Accessed Sophie's site before killing

An hour before he stabbed his ex-girlfriend Sophie Elliott to death, Clayton Weatherston was accessing her photo albums on Facebook, the High Court at Christchurch heard yesterday.

Kerry Baker, a member of the police electronic crime laboratory in Dunedin, was the last witness called by the Crown in its prosecution of 33-year-old Weatherston's trial for the murder of Miss Elliott.

Weatherston admits killing Miss Elliott, who was stabbed or cut 216 times, at her Ravensbourne home on January 9 last year, but he denies murdering her.

His trial before Justice Judith Potter and 11 jurors enters its 12th day of hearing today.

Mr Baker told the court he examined Weatherston's office computer from the University of Otago economics department and found Miss Elliott's Facebook site had been accessed and her photo albums viewed for several minutes until 11.39am on January 9.

Questions from defence counsel Judith Ablett-Kerr QC suggested Miss Elliott had been making regular visits to Weatherston's Facebook page followed by access to her former boyfriend's site.

Mr Baker agreed his analysis of Miss Elliott's Facebook logs indicated such a pattern was apparent from late December 2007 until January 7, 2008.

But he thought there appeared to be "something unusual going on here", that visits to Weatherston's page followed by visits to the other man's page might not have been a conscious action on her part.

It could be something to do with the way Miss Elliott's page operated, "maybe some sort of linkage between the two", Mr Baker said.

The distinct pattern made him think it was "some sort of automated thing going on in the background" and not necessarily Miss Elliott clicking between the sites.

"You're speculating about that," Mrs Ablett-Kerr suggested.

Mr Baker agreed but said it was "also speculation to say she's deliberately going from one [site] to the other".

To Justice Potter, the witness agreed he could not exclude the possibility there was something in the Facebook system which prompted the sequential entries as opposed to Miss Elliott prompting them herself.

It was definitely possible, he said.

He could not say there was not some internal prompt.

"If I had more time and could have done more research, I might have been able to be more definite," Mr Baker told the judge.

Evidence was read from Patrick Bain, one of the ambulance officers called to the Elliott house at 12.35pm on January 9, 2008.

Mr Bain checked Miss Elliott's carotid artery for a pulse but found none.

He then put four defibrillator leads on areas of skin already exposed.

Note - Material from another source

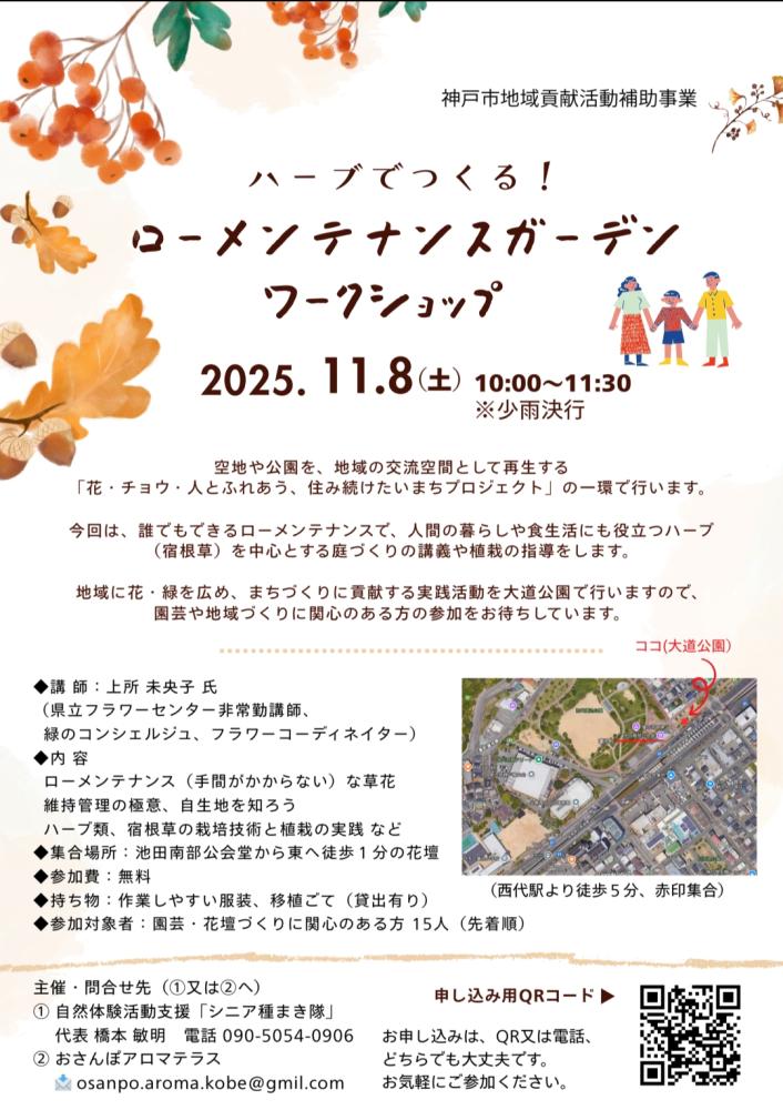 公園の花壇にハーブの苗を植えよう!ワークショップ形式で講師からローメンテナンスガーデンを学び植裁体験ができます。地域活動・地域交流の輪を広げよう♪

He did not disturb any clothing.

At the close of the Crown evidence, Crown counsel Marie Grills read the jury an agreed list of facts.

The statement had been prepared so some witnesses would not be needed, Mrs Grills told the court.

She said Clayton Weatherston's defence lawyers agreed the knife used to kill Miss Elliott belonged to the accused and that he had it with him when he arrived at Miss Elliot's home shortly after noon on January 9, 2008.

The defence also agreed Weatherston's palm print was found on the blade of the knife recovered from between Sophie's thighs as she lay dead across her half-packed suitcase in her bedroom.

And they agreed his right palm print was found on the inside of Sophie's right thigh.

Also agreed was that Detective John Hedges, who took a written statement from the Crown witness Erin van de Water, did not recall her saying, either in the statement or in her deposition, that Miss Elliott had demonstrated to her the action of putting her arm across her throat while describing what Weatherston did to her the previous week at his flat.

The final agreed fact was that Weatherston was employed at Treasury between August 2002 and July 2003.